GOAL OF THE EXERCISE: Using the listing below, reproduce exactly the lines from the one with "0x00200000 | 0x0027FFFF |" through the last, with all pictures left out.

DATASET ENTRIES:

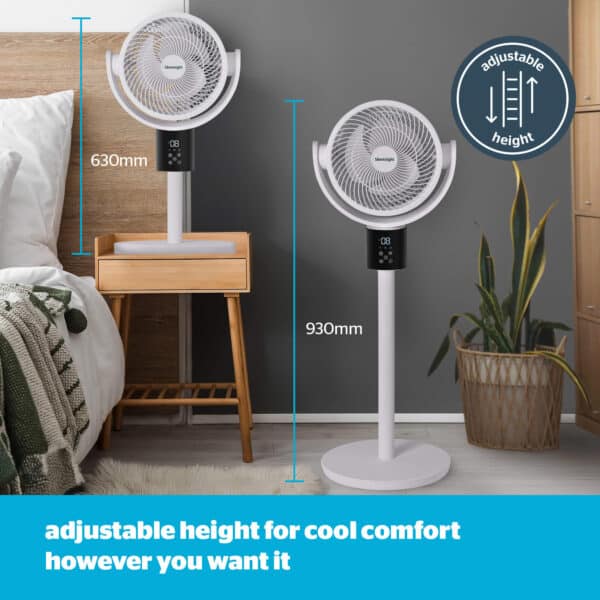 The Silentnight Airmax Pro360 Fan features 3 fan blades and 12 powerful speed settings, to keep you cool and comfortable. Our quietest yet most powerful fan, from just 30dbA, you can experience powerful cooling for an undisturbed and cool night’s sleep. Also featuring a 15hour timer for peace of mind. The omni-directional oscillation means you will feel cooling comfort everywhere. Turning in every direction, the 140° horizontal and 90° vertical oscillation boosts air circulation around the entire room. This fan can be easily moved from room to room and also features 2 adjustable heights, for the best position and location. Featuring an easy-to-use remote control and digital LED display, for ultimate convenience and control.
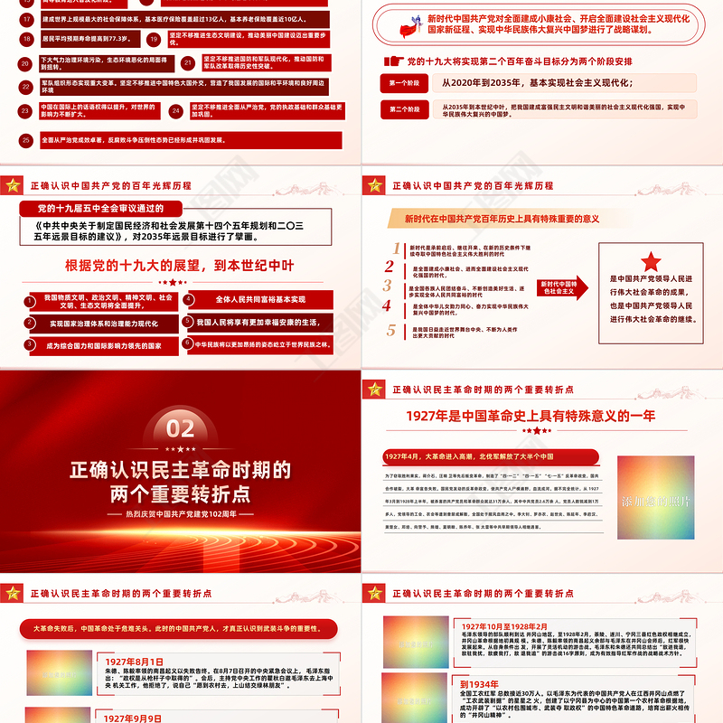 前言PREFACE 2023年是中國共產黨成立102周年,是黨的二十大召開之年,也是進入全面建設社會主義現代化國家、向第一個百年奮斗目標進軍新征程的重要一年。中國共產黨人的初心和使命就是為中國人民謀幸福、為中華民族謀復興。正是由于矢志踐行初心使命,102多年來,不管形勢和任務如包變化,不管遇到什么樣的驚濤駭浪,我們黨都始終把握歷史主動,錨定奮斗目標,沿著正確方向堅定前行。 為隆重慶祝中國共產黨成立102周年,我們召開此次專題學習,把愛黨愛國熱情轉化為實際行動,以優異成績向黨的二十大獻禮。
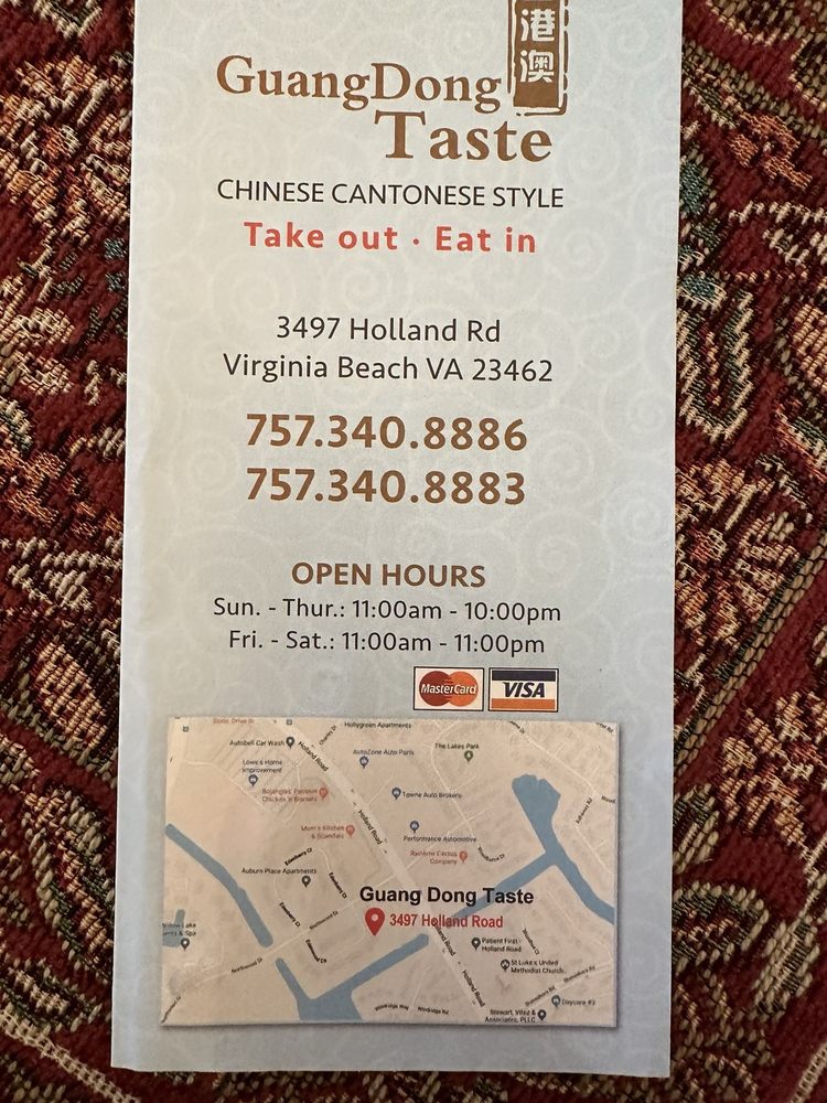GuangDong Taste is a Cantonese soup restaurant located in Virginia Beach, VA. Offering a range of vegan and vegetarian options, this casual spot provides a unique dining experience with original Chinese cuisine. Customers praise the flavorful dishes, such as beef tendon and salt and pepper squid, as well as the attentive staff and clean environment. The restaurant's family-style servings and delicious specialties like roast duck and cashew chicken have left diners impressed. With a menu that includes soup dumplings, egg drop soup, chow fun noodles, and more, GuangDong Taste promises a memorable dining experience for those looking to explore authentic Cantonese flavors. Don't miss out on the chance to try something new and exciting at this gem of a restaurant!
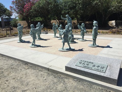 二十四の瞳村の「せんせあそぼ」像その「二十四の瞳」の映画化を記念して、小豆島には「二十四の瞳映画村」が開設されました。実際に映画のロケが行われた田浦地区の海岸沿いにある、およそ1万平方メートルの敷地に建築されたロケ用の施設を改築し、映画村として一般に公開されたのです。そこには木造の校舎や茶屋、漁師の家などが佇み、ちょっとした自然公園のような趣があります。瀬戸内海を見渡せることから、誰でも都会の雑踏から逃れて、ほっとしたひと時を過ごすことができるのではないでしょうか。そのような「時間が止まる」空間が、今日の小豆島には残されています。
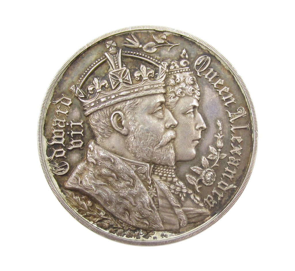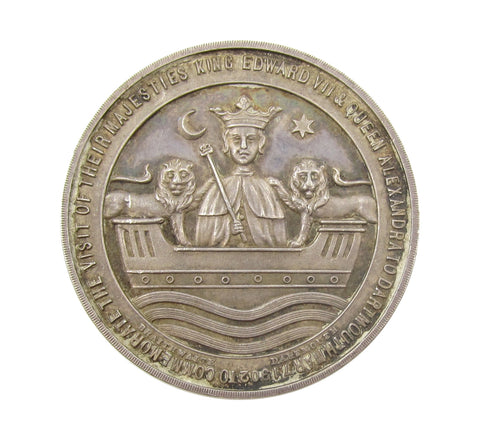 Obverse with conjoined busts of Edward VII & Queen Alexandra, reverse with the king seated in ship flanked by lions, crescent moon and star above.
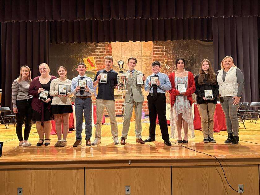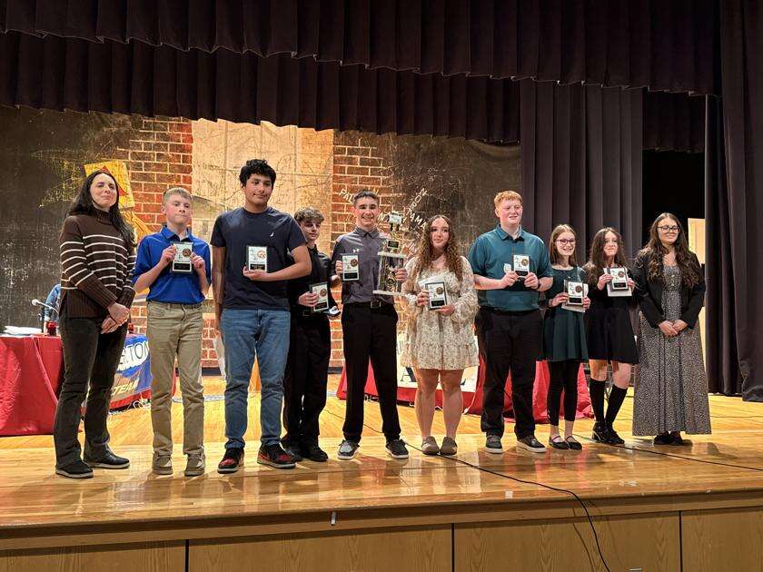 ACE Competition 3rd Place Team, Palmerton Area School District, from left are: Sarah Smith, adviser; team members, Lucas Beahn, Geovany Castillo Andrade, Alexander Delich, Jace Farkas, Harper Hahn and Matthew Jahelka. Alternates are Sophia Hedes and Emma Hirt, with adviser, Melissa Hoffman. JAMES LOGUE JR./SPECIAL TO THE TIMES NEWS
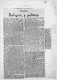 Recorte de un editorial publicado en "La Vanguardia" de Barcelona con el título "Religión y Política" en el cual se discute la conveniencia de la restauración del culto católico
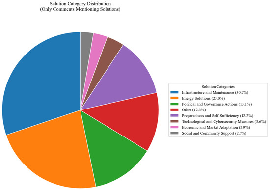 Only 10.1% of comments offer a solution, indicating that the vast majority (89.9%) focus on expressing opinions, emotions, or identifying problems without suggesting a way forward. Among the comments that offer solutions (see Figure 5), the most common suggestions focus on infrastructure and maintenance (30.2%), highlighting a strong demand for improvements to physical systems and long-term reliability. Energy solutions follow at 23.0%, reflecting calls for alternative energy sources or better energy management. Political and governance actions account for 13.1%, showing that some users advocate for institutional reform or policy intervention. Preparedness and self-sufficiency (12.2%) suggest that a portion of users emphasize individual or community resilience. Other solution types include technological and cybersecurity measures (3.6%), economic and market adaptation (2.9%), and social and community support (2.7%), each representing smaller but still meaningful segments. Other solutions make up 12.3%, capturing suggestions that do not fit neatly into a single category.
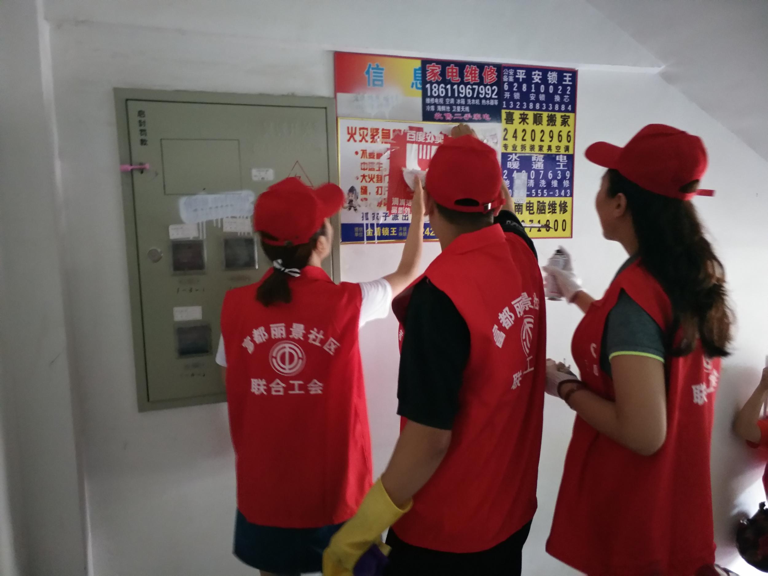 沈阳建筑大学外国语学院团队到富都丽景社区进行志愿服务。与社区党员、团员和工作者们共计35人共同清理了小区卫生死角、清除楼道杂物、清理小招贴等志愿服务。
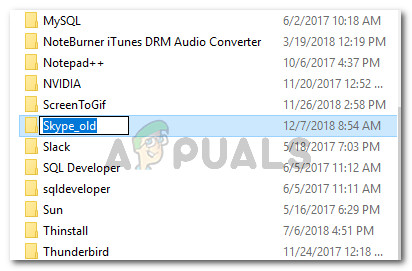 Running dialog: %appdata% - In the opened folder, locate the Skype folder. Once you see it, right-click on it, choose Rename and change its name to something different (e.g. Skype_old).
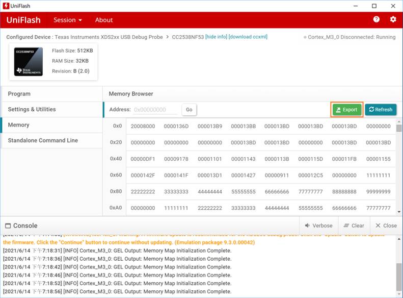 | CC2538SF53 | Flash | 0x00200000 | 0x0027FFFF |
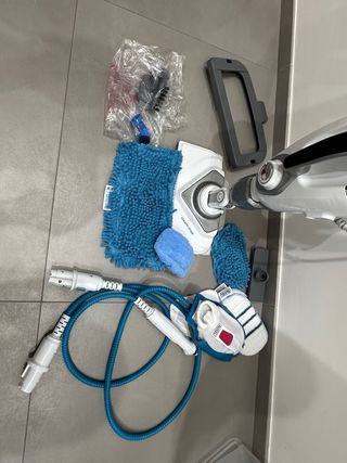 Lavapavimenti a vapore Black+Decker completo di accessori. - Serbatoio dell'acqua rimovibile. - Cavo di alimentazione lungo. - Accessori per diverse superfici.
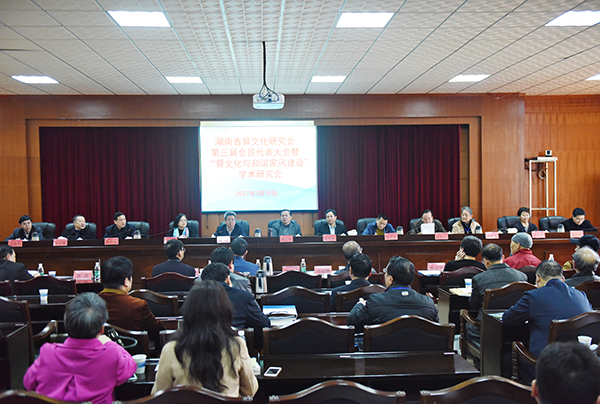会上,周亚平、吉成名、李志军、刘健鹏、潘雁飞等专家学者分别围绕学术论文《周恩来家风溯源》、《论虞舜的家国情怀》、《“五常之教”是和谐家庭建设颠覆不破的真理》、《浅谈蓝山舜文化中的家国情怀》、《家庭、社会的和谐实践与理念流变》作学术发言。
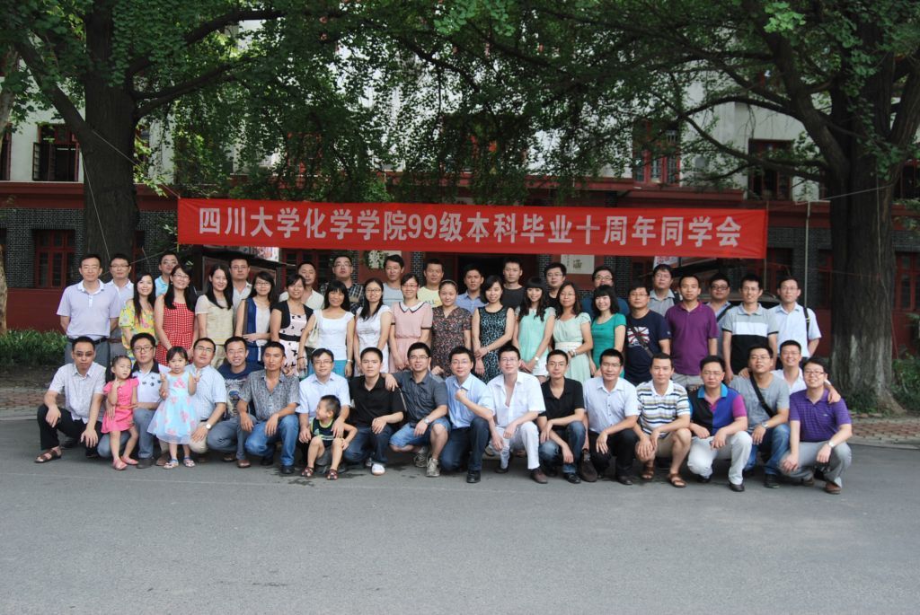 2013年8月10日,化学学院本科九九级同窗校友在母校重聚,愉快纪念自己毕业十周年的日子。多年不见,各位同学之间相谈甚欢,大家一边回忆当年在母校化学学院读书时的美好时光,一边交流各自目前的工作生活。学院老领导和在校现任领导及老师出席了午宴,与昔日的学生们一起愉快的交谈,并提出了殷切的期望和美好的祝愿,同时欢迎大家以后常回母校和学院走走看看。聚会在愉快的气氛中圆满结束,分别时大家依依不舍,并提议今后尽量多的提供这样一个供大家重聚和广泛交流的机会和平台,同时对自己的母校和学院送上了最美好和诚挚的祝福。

ANSWER AREA:
 | CC2538SF53 | Flash | 0x00200000 | 0x0027FFFF |
 Lavapavimenti a vapore Black+Decker completo di accessori. - Serbatoio dell'acqua rimovibile. - Cavo di alimentazione lungo. - Accessori per diverse superfici.
会上,周亚平、吉成名、李志军、刘健鹏、潘雁飞等专家学者分别围绕学术论文《周恩来家风溯源》、《论虞舜的家国情怀》、《“五常之教”是和谐家庭建设颠覆不破的真理》、《浅谈蓝山舜文化中的家国情怀》、《家庭、社会的和谐实践与理念流变》作学术发言。
 2013年8月10日,化学学院本科九九级同窗校友在母校重聚,愉快纪念自己毕业十周年的日子。多年不见,各位同学之间相谈甚欢,大家一边回忆当年在母校化学学院读书时的美好时光,一边交流各自目前的工作生活。学院老领导和在校现任领导及老师出席了午宴,与昔日的学生们一起愉快的交谈,并提出了殷切的期望和美好的祝愿,同时欢迎大家以后常回母校和学院走走看看。聚会在愉快的气氛中圆满结束,分别时大家依依不舍,并提议今后尽量多的提供这样一个供大家重聚和广泛交流的机会和平台,同时对自己的母校和学院送上了最美好和诚挚的祝福。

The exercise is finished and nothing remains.